Part One, Historical


Now historians are trying to present,
that in fifteen some year
there was something there.
Yes, there was nothing!
V.S. Chernomyrdin


So, it all started back in 2006, when I got into an IT company that was engaged in developing solutions in the field of telecommunications. Our team developed a C # application that retrieved some data from the MS Sql Server database, processed it and added it back. At first, there were about 10 tables and a couple of stored procedures in our database. Over time, the number of tables and other objects began to grow. We began to wonder how to manage these objects. We stored scripts in the version control system.

Initially, we used the DB Project from Visual Studio, but over time it became obvious that this environment was deploying for a very long time, because compares the target database and source scripts. In addition, we needed in the database a part of objects from a large subsystem with which we integrated and which we did not want to store in our repository. As a result, we wrote a simple application that received an xml file with a list of objects that we want to deploy. This file was manually edited by each developer, and its “textualness” made it possible to eliminate conflicts under committees. In the future, we abandoned the xml file in favor of the strict order of storing scripts and the order of their roll. (tables rolled in front of views, etc.)

Everything was fine until a new problem appeared. Our technical support could edit the code in the release branch, as well as sometimes make changes directly on the client, which led to problems when installing the next release. We decided to implement a subsystem that would detect "illegal" changes on the client. Our application scripted the database, sent the scripts to our server, deployed them to the correct structure and then our deployment system was connected, which at the output received two databases - from the repository and from the client.
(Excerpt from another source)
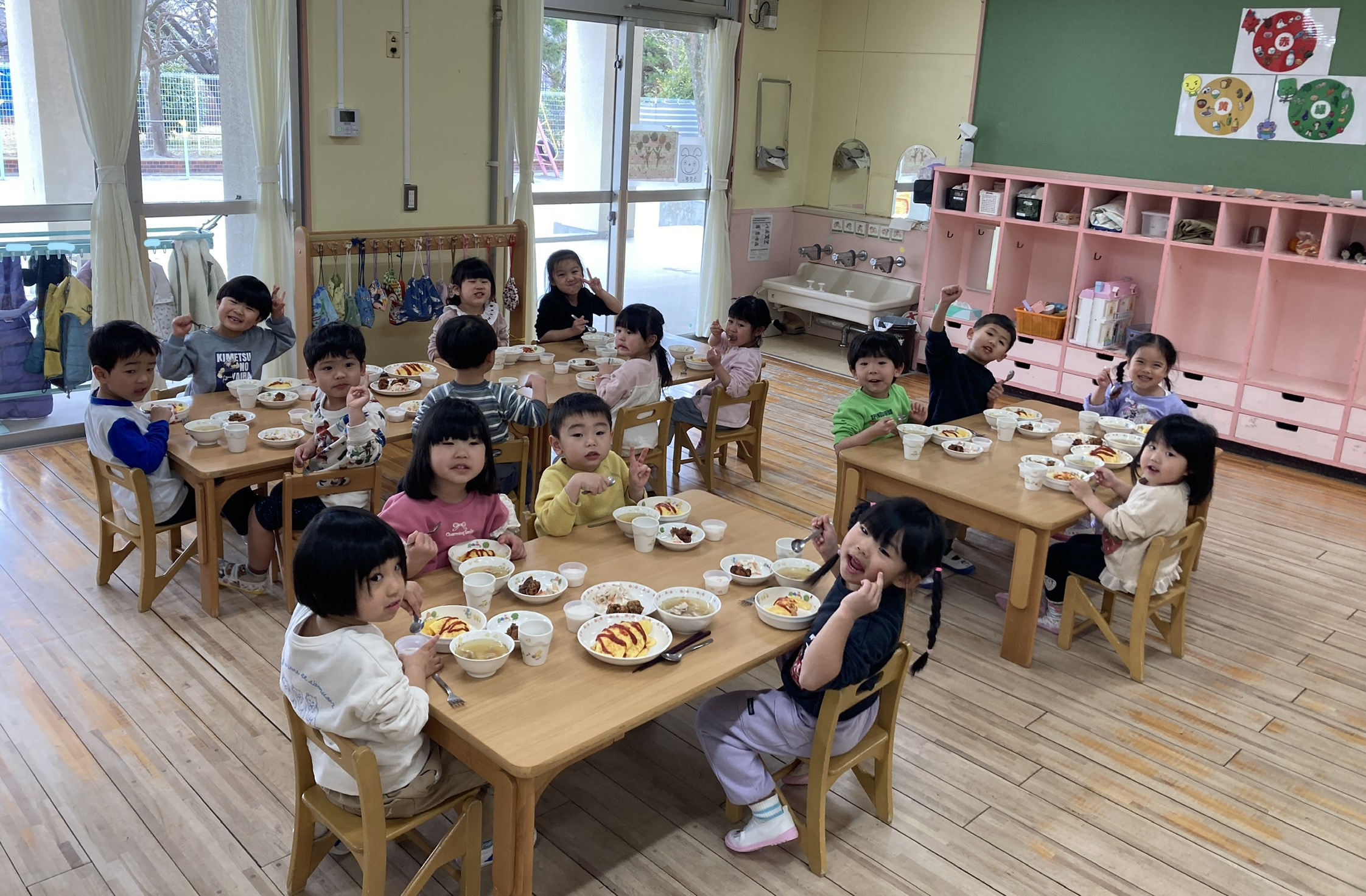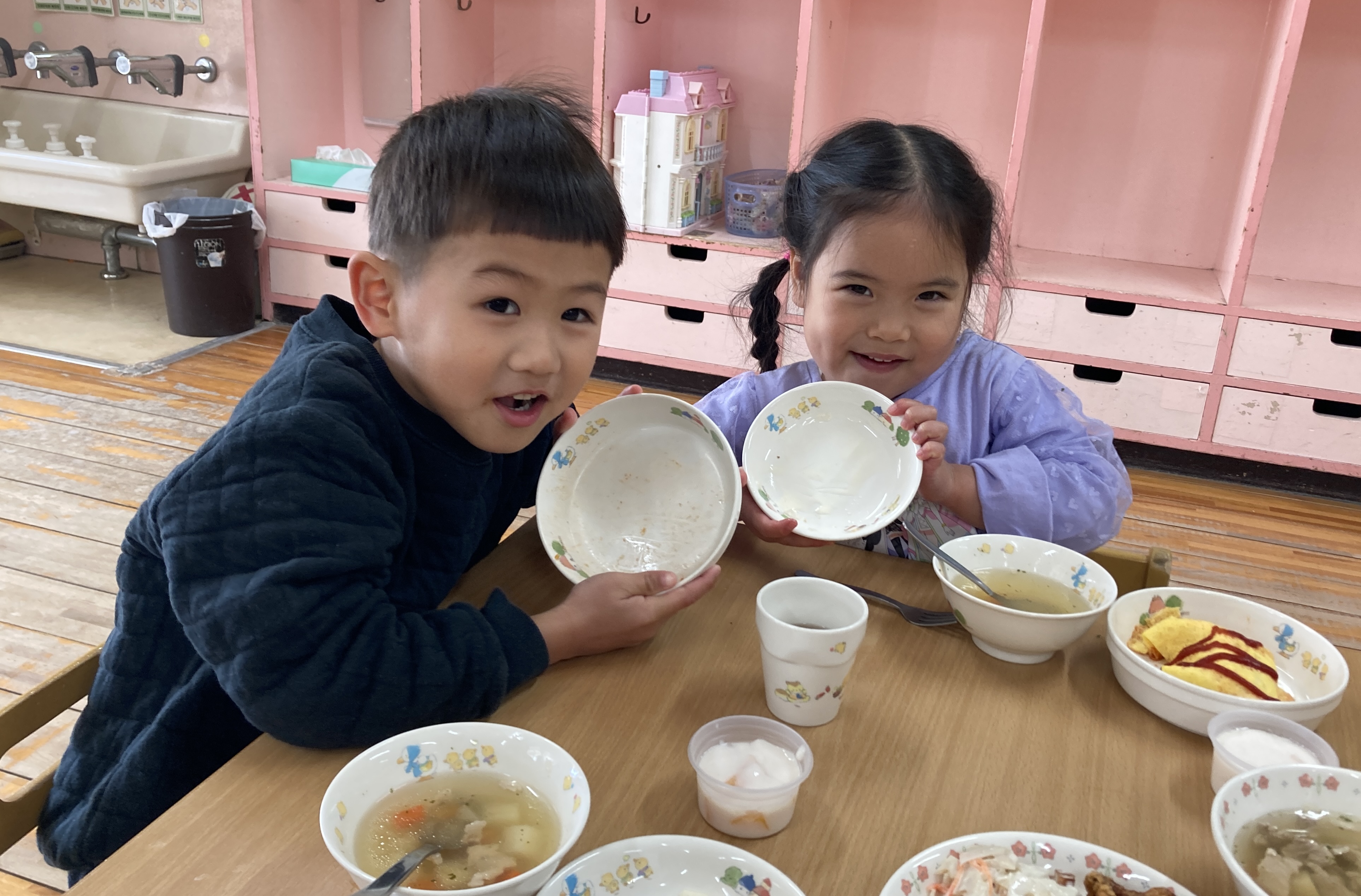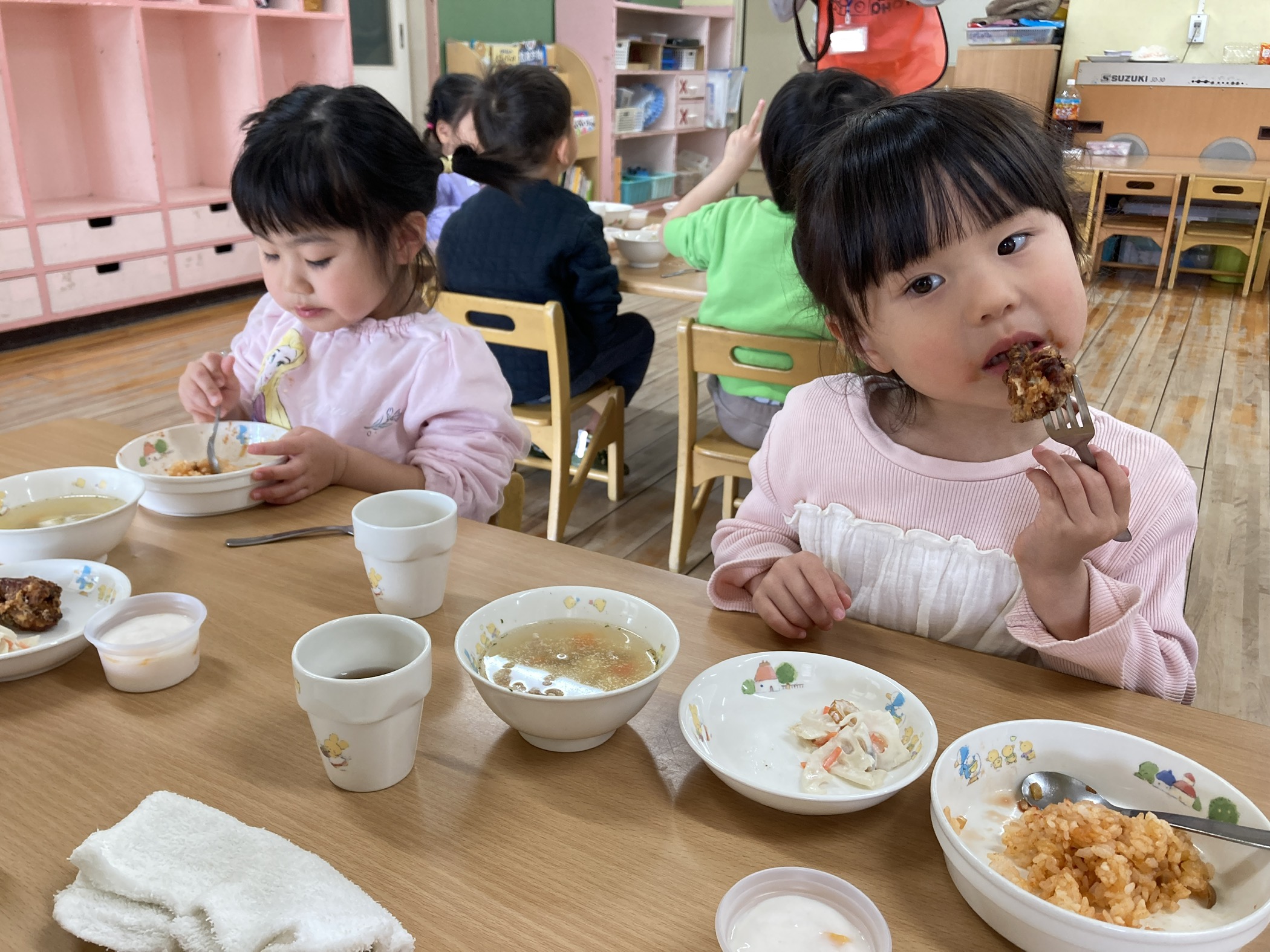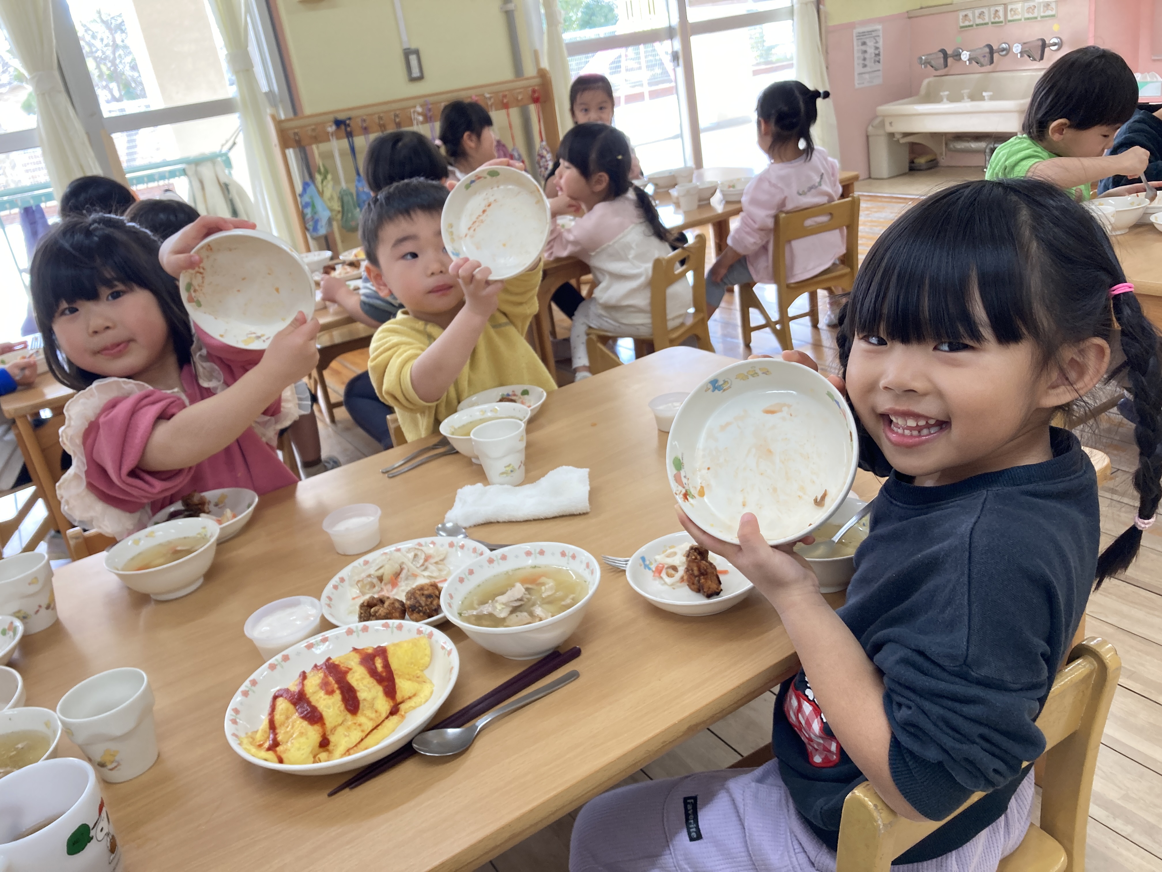 今日は午前中講師による体育あそびがあったので、たくさん体を動かしてお腹が空いた様子。

Next, it started all the same Visual Studio, which compared the database.
')
Scripting was done using the SMO (Server Management Objects) library.

It was easy to work with her, but there was one big problem - speed. She could script about 6 objects per second. The database on the client consisted of about 10,000 objects and the scripting process took half an hour.

A few months ago, my colleague and I decided to implement the fastest database scripting and deployment system, taking into account all the advantages and disadvantages of what we have already done. That's what we did.

Part Two, Technical


Modern technology is so
eased the work of women
what men appeared
a lot of free time.
Vladislav Gzheschik


Scripting

For the scripting system, we defined the following requirements:
• Support for all versions of Ms Sql Server since 2008;
• Scripts need to be formed in parallel (the scripting of any database should last seconds, not minutes);
• The storage structure of the scripts must be defined in the settings;
• Ability to select the types of objects that need to be scripted (for example, get scripts only stored procedures);
• Storage of scripts in the file system, archive, cloud service.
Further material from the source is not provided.